This research was authored by Advait Sarkar, Sean Rintel, Damian Borowiec, Rachel Bergmann, Sharon Gillett, Danielle Bragg, Nancy Baym, and Abigail Sellen and part of a larger project about meetings during the COVID-19 pandemic.

Tell, don’t show: how to teach AI

Should we teach good behaviour to Artificial Intelligence (AI) through our feedback, or should we try and tell it a set of rules explaining what good behaviour is? Both approaches have advantages and limitations, but when we tested them in a complex scenario, one of them emerged the winner.

If AI is the future, how will we tell it what we want it to do?

Artificial intelligence is capable of crunching through enormous datasets and providing us assistance in many facets of our lives. Indeed, it seems this is our future. An AI assistant may help you decide what gifts to buy for a friend, or what books to read, or who to meet, or what to do on the weekend. In the worst case, of course, this could be dystopian – AI controls us, and not the other way around, we’ve all heard that story – but in the best case, it could be incredibly stimulating, deeply satisfying, and profoundly liberating.

But an important and unsolved problem is that of specifying our intent, our goals, and our desires, for the AI system. Assuming we know what we want from the AI system (this is not always the case, as we’ll see later), how do we teach the system? How do we help the system learn what gifts might be good for a friend, what books we might like to read, the people we might like to meet, and the weekend activities we care about?

There are many parts to this problem, and many solutions. The solution ultimately depends on the context in which we’re teaching the AI, and the task we’re recruiting it to do for us. So in order to study this, we need a concrete problem. Luckily for me, Ruixue Liu decided to join us at Microsoft for an internship in which she explored a unique and interesting problem indeed. The problem we studied was how to teach an AI system to give us information about a meeting, where for some reason, we can’t see the meeting room.

Our problem: eyes-free meeting participation

When people enter a meeting room, they can typically pick up several cues: who is in the meeting? Where in the room are they? Are they seated or standing? Who is speaking? What are they doing? Research shows that not having this information can be very detrimental to meeting participation.

Unfortunately, in many modern meeting scenarios, this is exactly the situation we find ourselves in. People often join online meetings remotely without access to video, due to device limitations, poor Internet connections, or because they are engaged in parallel “eyes-busy” tasks such as driving, cooking, or going to the gym.

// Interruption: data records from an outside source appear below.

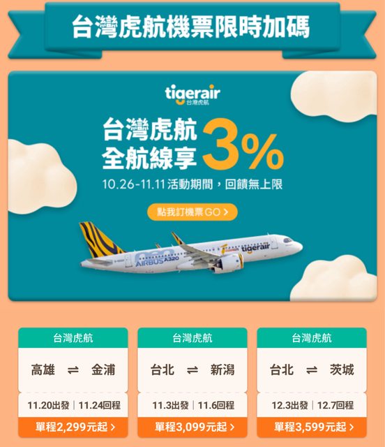 在line旅遊線上旅展期間(10/26-11/11)購買台灣虎航機票天天享3%點數回饋無上限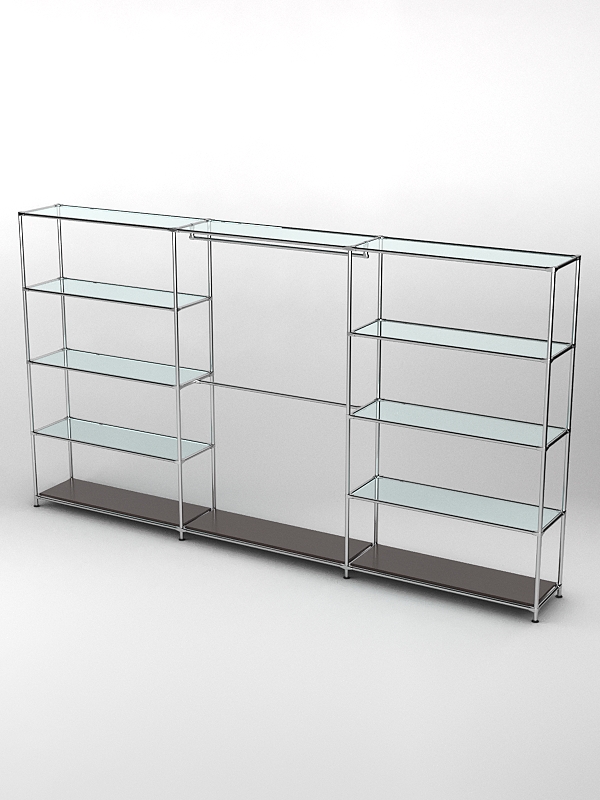 Каркас из металла. Основание деревянное. Три секции. Каждая боковая секция имеет четыре полки для вещей, средние полки стеклянные. В средней секции в два ряда расположены перекладины для плечиков.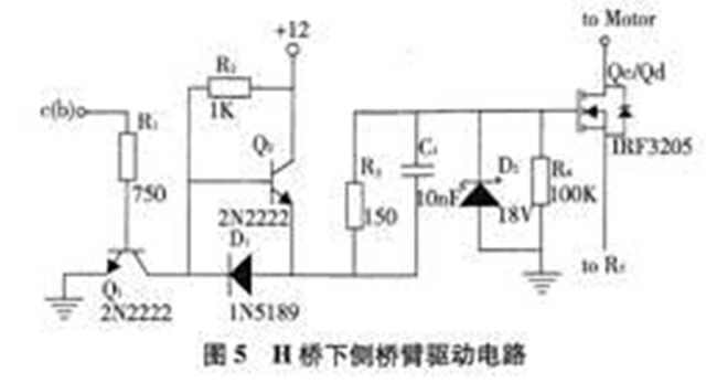 當MOSFET的控制信號c(d)低電平時, Q1截止,Q2導通,電源通過Q2以及R3與C,組成的并聯(lián)電路對Qc的柵極充電,直至Qc完全導通。當Qc導通時,其柵—源極電壓等于電源電壓減去Q2的集—射極飽和導通電壓,而電源電壓又等于蓄電池電壓減去1N5819二極管的正向導通電壓。所以,Qc的柵—源極電壓VGS=(Vbat-VCE-VF),當蓄電池電壓為12V,取各參數為典型值得Qc的柵-源極電壓為11.26V,滿足IRF3205的柵極驅動(10V)所需的電壓。

People who are blind or low vision also describe this lack of information as a major hurdle in meetings, whether in-person or online.

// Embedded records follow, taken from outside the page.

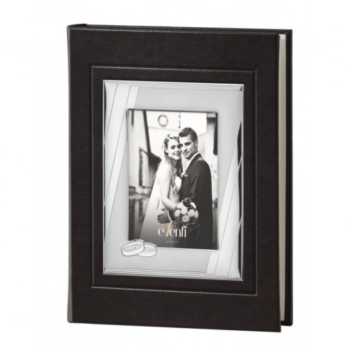 Álbum para boda en polipiel de calidad con marco de plata bilaminada con alianzas de boda de recién casados. Álbum donde guardar las fotografías de ese día tan importante. El álbum trae 30 páginas. Entre hojas papel fino transparente de estraza para el cuidado de sus fotografías. Fotografía del frontal de 13x18 cm y 2 fotografías de 13x18 cm por hoja o una grande. posibilidad de grabarlo, personalizarlo. Grabación incluida en el precio. Medida del álbum 24x30cm.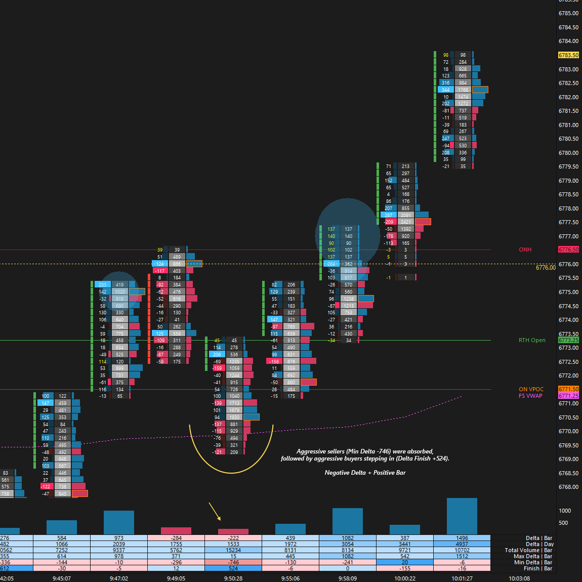 As discussed in the previous plan, liquidation breaks in an uptrend often strengthen the market. Their primary function is to shake out weak-handed longs (from the poor/weak triple top), clean up market structure, and attract stronger buyers at more favorable prices—often while trapping late sellers. Since there are no absolutes in trading, we focused on monitoring Tuesday’s D-period single prints for clues about what the market wanted next. If sellers defended this area, we could expect more liquidation; if they failed to do so, a complete retracement was likely. This essentially reflects my approach in every session: I mark levels of interest in my pre-open analysis, then monitor order flow activity around these levels to gauge participant behavior.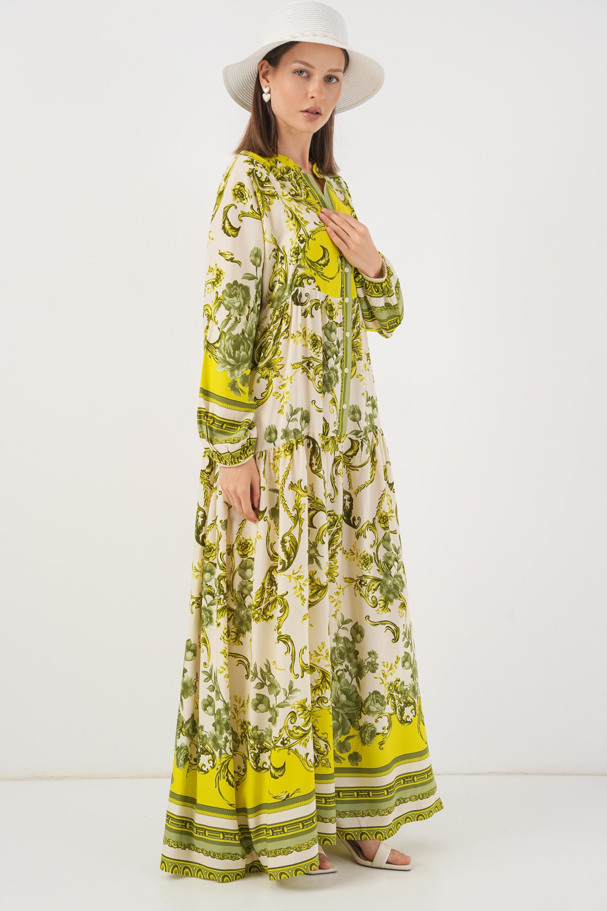 BGD Women Woman Patterned Long Hijab Dress 2585 - Dark Green - Hofheim

We think an AI system could use cameras in meeting rooms to present this information to people who, for whatever reason, cannot see the meeting room. This information could be relayed via computer-generated speech, or special sound signals, or even through haptics. Given that the participant only has a few moments to understand this information as they join a meeting, it’s important that only the most useful information is given to the user. Does the user want to know about people’s locations? Their pose? Their clothes? What information would be useful and helpful for meeting participation?

However, what counts as ‘most useful’ varies from user to user, and context to context. One goal of the AI system is to learn this, but it can’t do so without help from the user. Here is the problem: should the user tell the system what information is most useful, by specifying a set of rules about what information they want in each scenario, or should the user give feedback to the system, saying whether or not it did a good job over the course of many meetings, with the aim of teaching it correct behaviour in the long term?

Our study, in which we made people attend over 100 meetings

Don’t worry – luckily for the sanity of our participants, these weren’t real meetings. We created a meeting simulator which could randomly generate meeting scenarios. Each simulated meeting had a set of people – we generated names, locations (within the room), poses, whether they were speaking or not, and several other pieces of information. Because we were testing eyes-free meeting participation, we didn’t visualise this information – the objective was for the user to train the system to present a useful summary of this information in audio form.

We conducted a study in which 15 participants used two approaches to ‘train’ the system to relay the information they wanted. One approach was a rule-based programming system, where the participant could specify “if this, then that”-style rules. For example, “if the number of people in the meeting is less than 5, then tell me the names of the people in the meeting”.

The other approach was a feedback-based training system (our technical approach was to use a kind of machine learning called deep reinforcement learning). In the feedback-based training system, the user couldn’t say what they wanted directly, but instead, as they went to various (simulated) meetings, the system would do its best to summarise the information. After each summary, the user provided simple positive/negative feedback, answering “yes” or “no” to the question of whether they were satisfied with the summary.

Each participant tried both systems, one after the other in randomised order. We let participants play around, test and tweak and teach the AI as much as they liked, and try out the system’s behaviour on as many simulated meetings as they liked. Many participants “attended” well over 100 meetings, with two participants choosing to attend nearly 160 meetings over the course of the experiment! Who knew meetings could be such fun!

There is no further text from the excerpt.